Критика въ нашей странѣ такъ мало трудилась въ чисто умственной сферѣ, такъ недалеко ушла отъ повседневныхъ интересовъ жизни, отличалась такимъ исключительно полемическимъ характеромъ, что не мудрено, если она такъ плохо исполнила свою главную духовную задачу.

Задача эта состоитъ въ томъ, чтобы удерживать людей отъ опошливающаго и притупляющаго самодовольства, чтобы вести ихъ по пути къ усовершенствованію, обращать ихъ вниманіе на то, что цѣнно само по себѣ, — на безусловную красоту и гармонію.

Полемически-практическая критика заставляетъ людей не замѣчать несообразностей и пробѣловъ ихъ житейскаго строя, заставляетъ ихъ упорно утверждать его идеальное совершенство, чтобы предупредить возможныя на него нападки.
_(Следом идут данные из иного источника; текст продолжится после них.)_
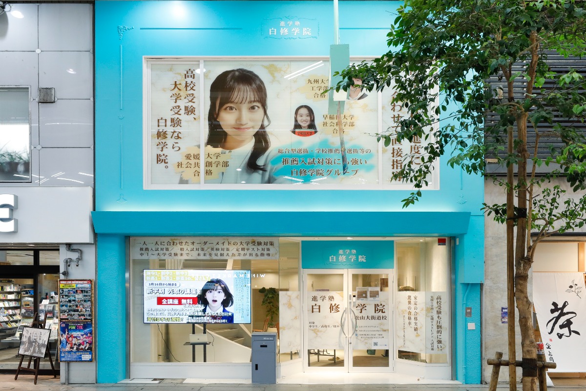 今回は、大街道にオープンした「進学塾 白修学院 ブロードバンド予備校 松山大街道校」へ。姉妹校の新居浜校では、数々の国公立大学・難関私立大学の合格実績を誇る、信頼と安心感のある学習塾です。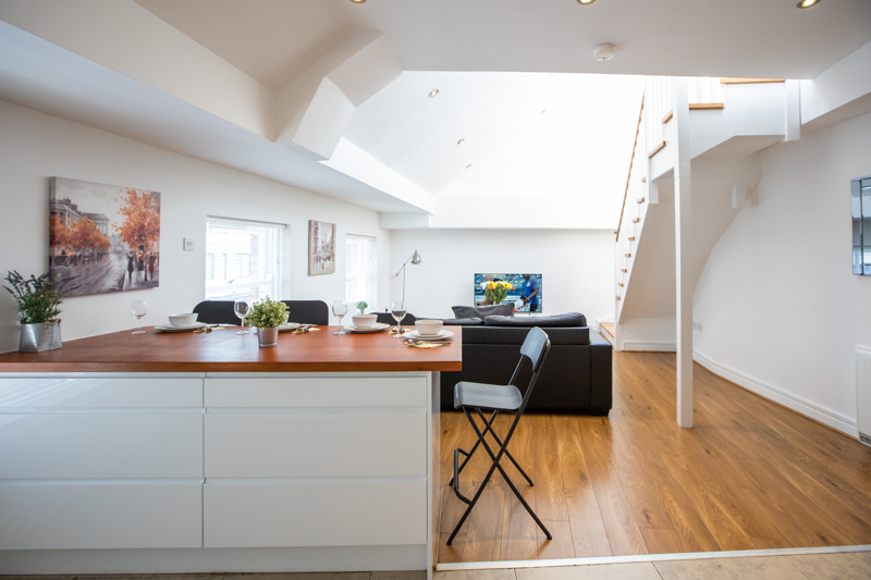 Adjacent to the living room is a fully equipped kitchenette, complete with modern appliances and all the essentials you need to whip up delicious meals during your stay. Whether you’re craving a hearty Irish breakfast or a quick snack before heading out, you’ll find everything you need right at your fingertips.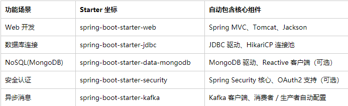 Spring Boot 最显著的生产力提升工具之一是 Starter 依赖体系,通过命名规范清晰的 “一站式” 依赖包,开发者无需手动搜索和匹配兼容版本,框架自动处理传递依赖冲突。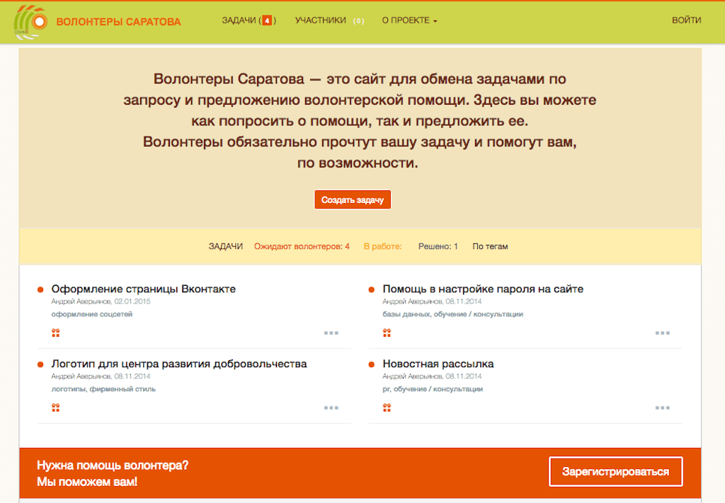 Андрей курирует волонтерский проект в Центре социальной помощи семье и детям в Саратове. Он решил установить для нужд проекта платформу для организации волонтерской помощи.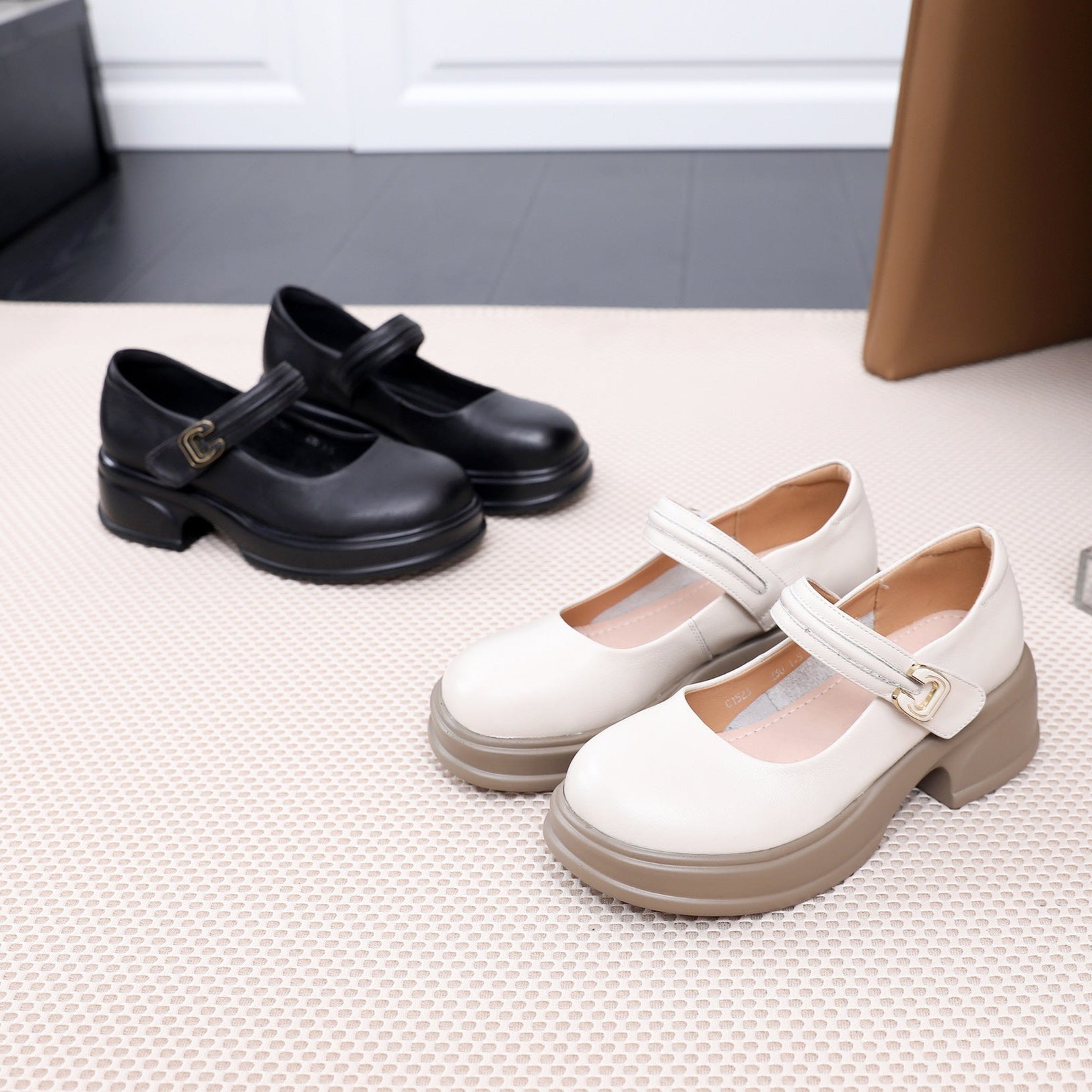 Women's Platform Leather Mary Jane Heels – Chunky Heel Velcro Strap Shoes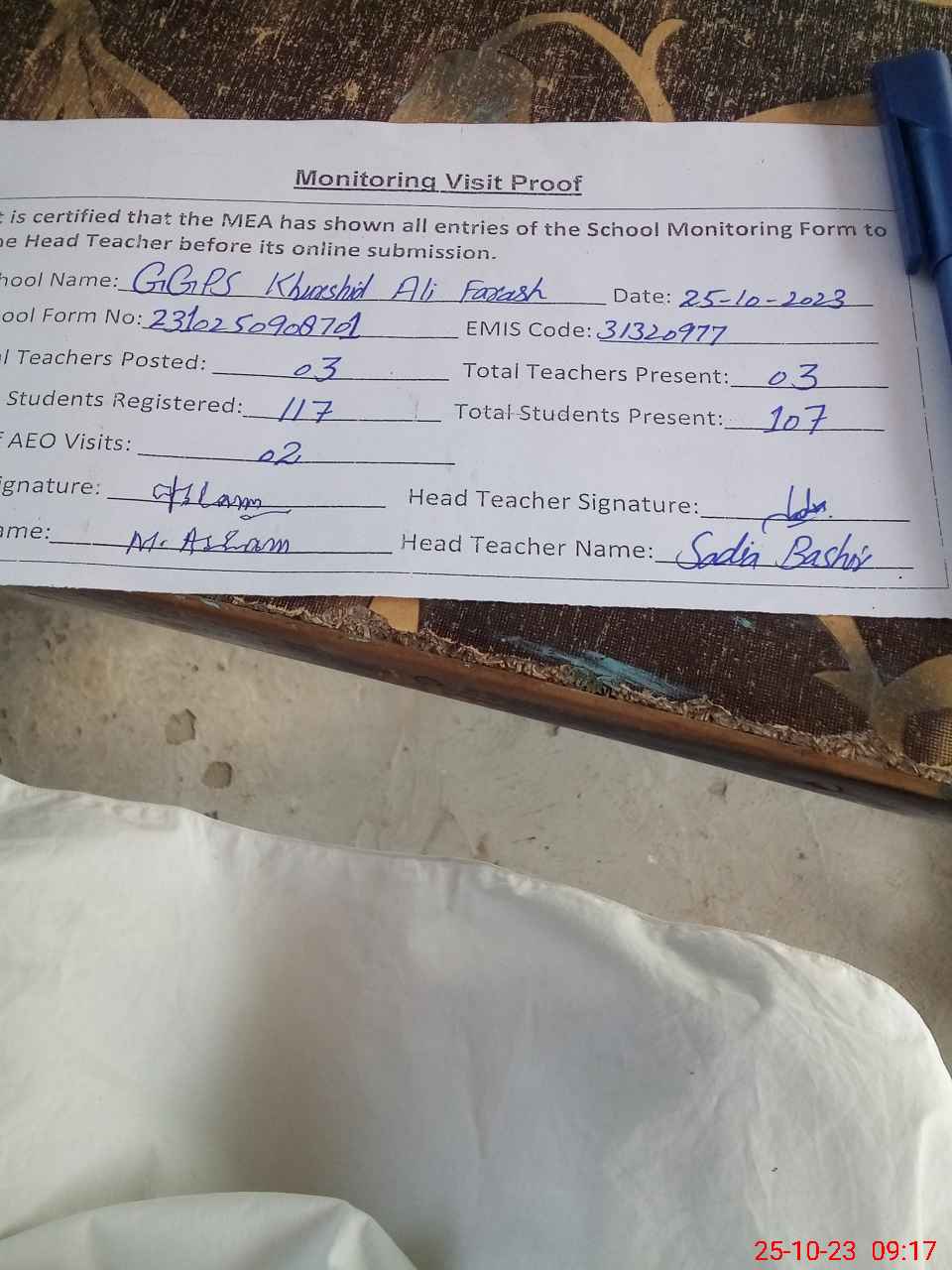 | EMIS Code: 31320977 | Name of School: GGPS KHURSHID ALI FRASH | |||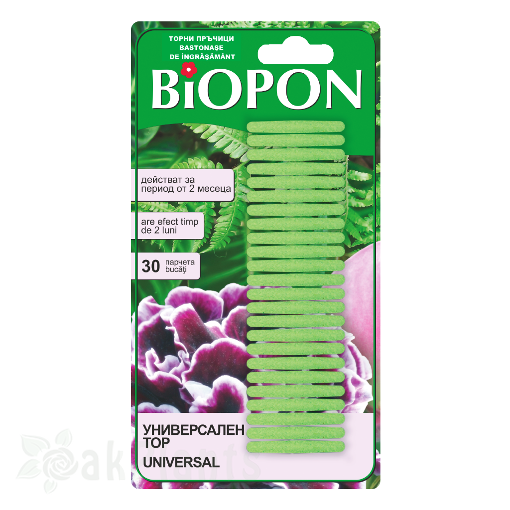 Универсалните торни пръчици BIOPON осигуряват балансирано подхранване за широк кръг растения – декоративни, плодни, зеленчукови и саксийни видове. 🌿 Формулата NPK 10:6:6 съчетава азот, фосфор и калий в пропорции, които стимулират растежа, укрепват корените и подобряват цъфтежа.Пръчиците се поставят директно в почвата и постепенно отдават хранителни вещества. Това осигурява дълготрайно подхранване без риск от презаситване.Състав и хранителни елементи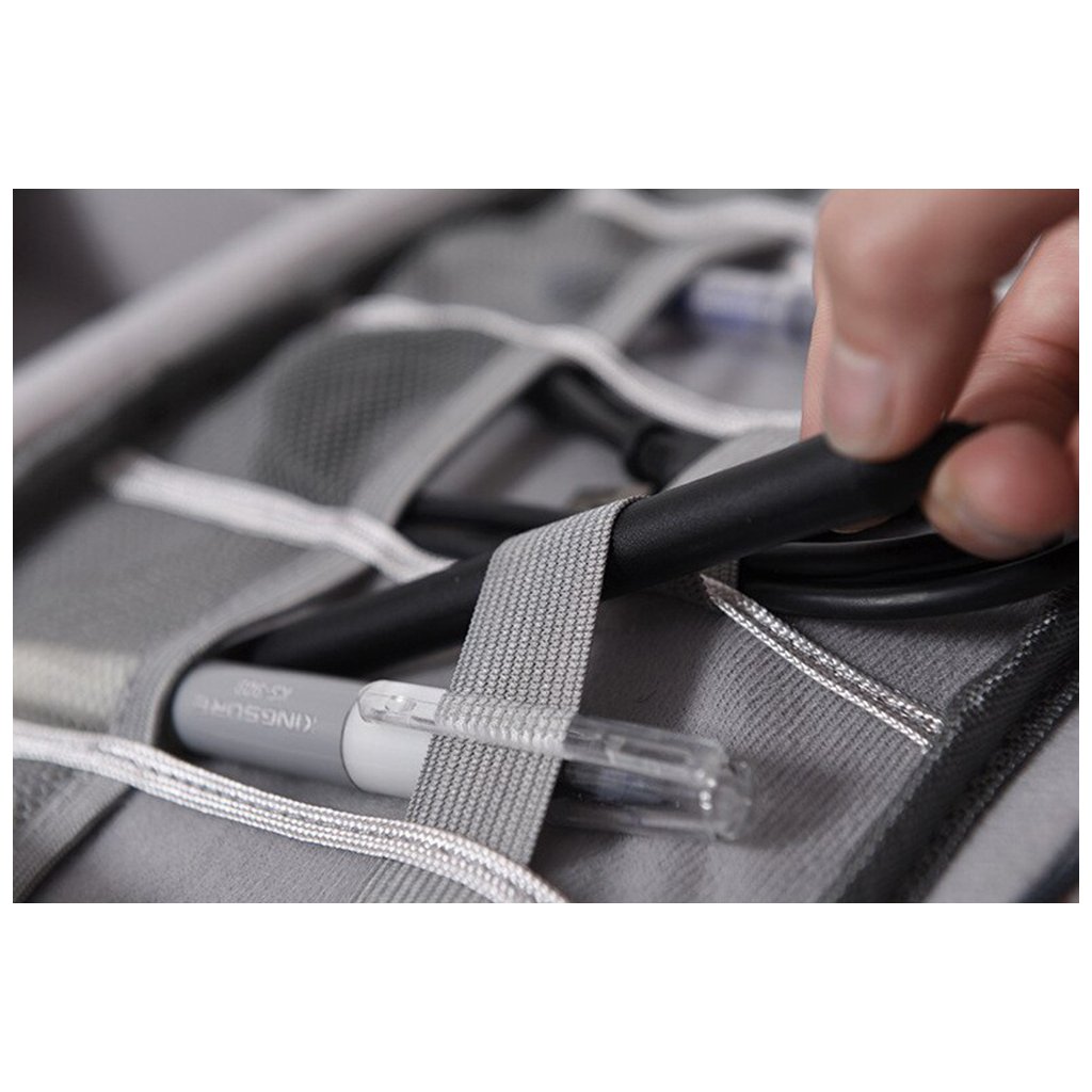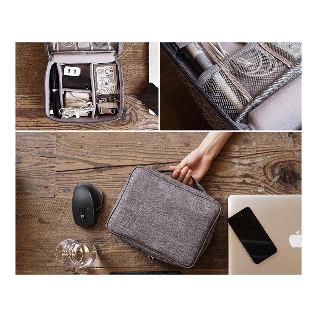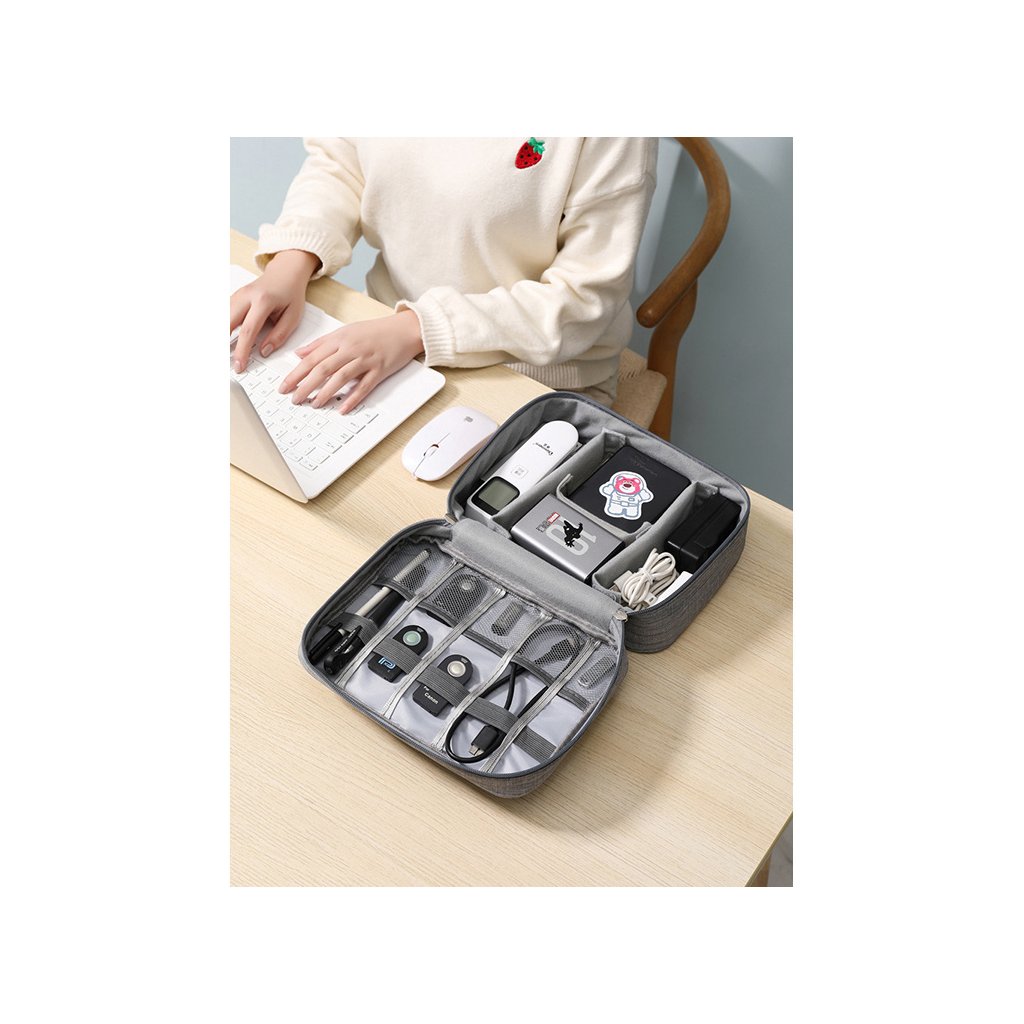 Už žádné zamotané kabely a hledání nabíječek! Tento cestovní organizér na elektroniku udrží všechny vaše kabely, nabíječky, powerbanky, sluchátka a další příslušenství na jednom místě. Flexibilní vnitřní uspořádání umožňuje přizpůsobit přihrádky podle velikosti vašeho příslušenství.

Ясно, что такой образъ дѣйствіи имѣетъ на людей тлетворное вліяніе.

Избѣгая безплодныя столкновенія, отрекаясь отъ сферы, гдѣ лишь узкія и относительныя понятія имѣютъ цѣну и законную силу, критика можетъ умалить свое минутное значеніе, но только на этомъ пути можетъ она получить доступъ къ тѣмъ болѣе широкимъ и болѣе совершеннымъ понятіямъ, которымъ она въ дѣйствительности должна всецѣло служить.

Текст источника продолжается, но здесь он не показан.